如何根据字典对列值进行排名并保留最高的值？

Question

如何根据字典对列值进行排名并保留最高的值？

pythondataframeapache-sparkpysparkapache-spark-sql

4

假设我有一个如下的数据框：

| id |col
| 1  | "A,B,C"
| 2  | "D,C"
| 3  | "B,C,A"
| 4  | None

而字典是:

d = {'A': 1, 'B': 2, 'C': 3, 'D': 4}

输出的数据框必须是：

| id |col
| 1  | "A"
| 2  | "C"
| 3  | "A"
| 4  | None

- guyWithQuestions

3个回答

1

“Higher Order Functions - Transform”可以用来根据字典关联排列“col”中的元素，并进行排序以获取排名最低的元素。

from pyspark.sql import functions as F
from itertools import chain

data = [(1, "A,B,C",),
        (2, "D,C",),
        (3, "B,C,A",),
        (4, None,), ]
df = spark.createDataFrame(data, ("id", "col", ))
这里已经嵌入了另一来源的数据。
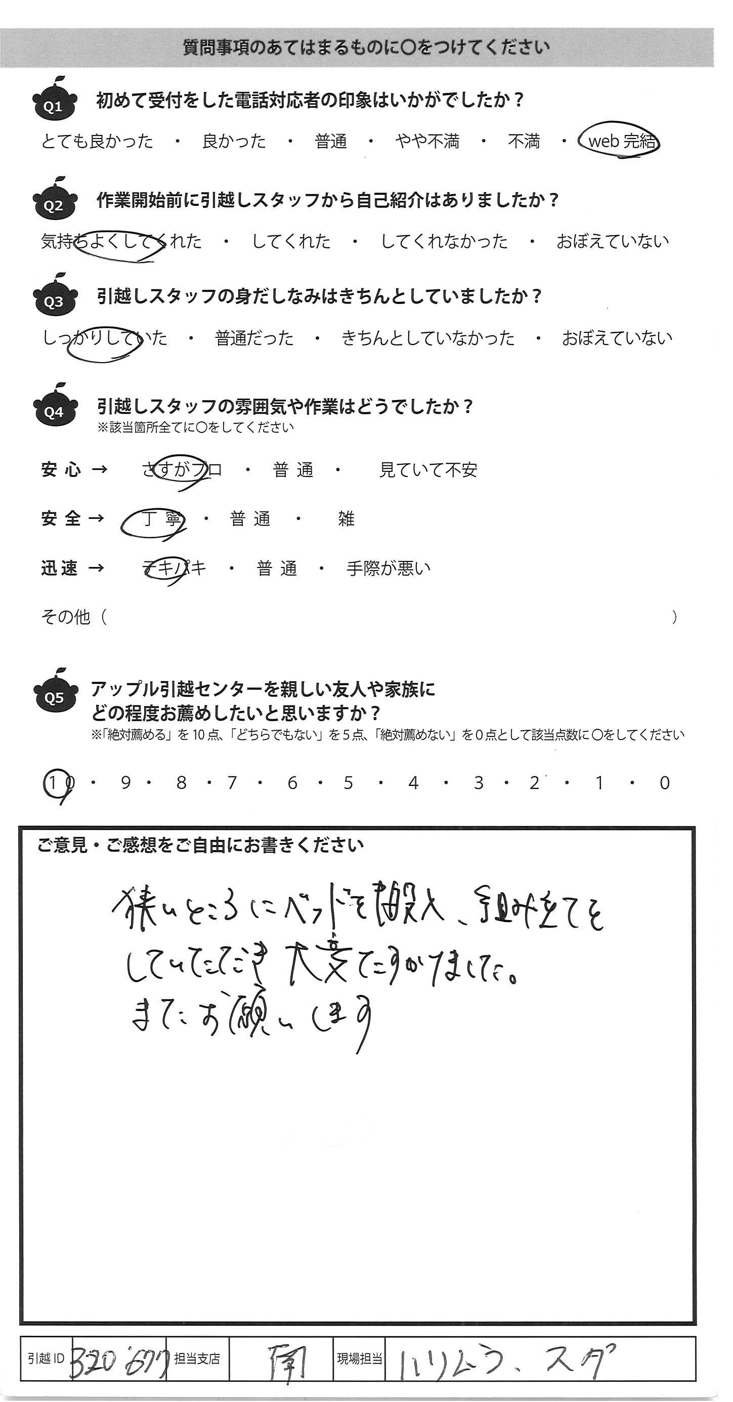A.狭いところにベッドを搬入、組み立てを していただき大変たすかりました。 またお願いします

d = {'A': 1, 'B': 2, 'C': 3, 'D': 4}

mapper = F.create_map([F.lit(c) for c in chain.from_iterable(d.items())])

"""
Mapper has the value Column<'map(A, 1, B, 2, C, 3, D, 4)'>
"""

(df.withColumn("col", F.split(F.col("col"), ",")) # Split string to create an array
  .withColumn("mapper", mapper) # Add mapping columing to the dataframe
  .withColumn("col", F.expr("transform(col, x -> struct(mapper[x] as rank, x as col))")) # Iterate over array and look up rank from mapper
  .withColumn("col", F.array_min(F.col("col")).col) # array_min find minimum value based on the first struct field
).select("id", "col").show()

"""
+---+----+
| id| col|
+---+----+
|  1|   A|
|  2|   C|
|  3|   A|
|  4|null|
+---+----+
"""

- Nithish

1

你可以使用 array_min 函数来代替排序并获取数组的第一个元素。 - blackbishop

0

我猜你想根据字典 d 中给定的值对字母进行排序。

那么，你可以这样做：

from pyspark.sql import Row
from pyspark.sql import SparkSession
import pyspark.sql.functions as F
import pyspark.sql.types as T

spark = SparkSession.builder.master("local").appName("sort_column_test").getOrCreate()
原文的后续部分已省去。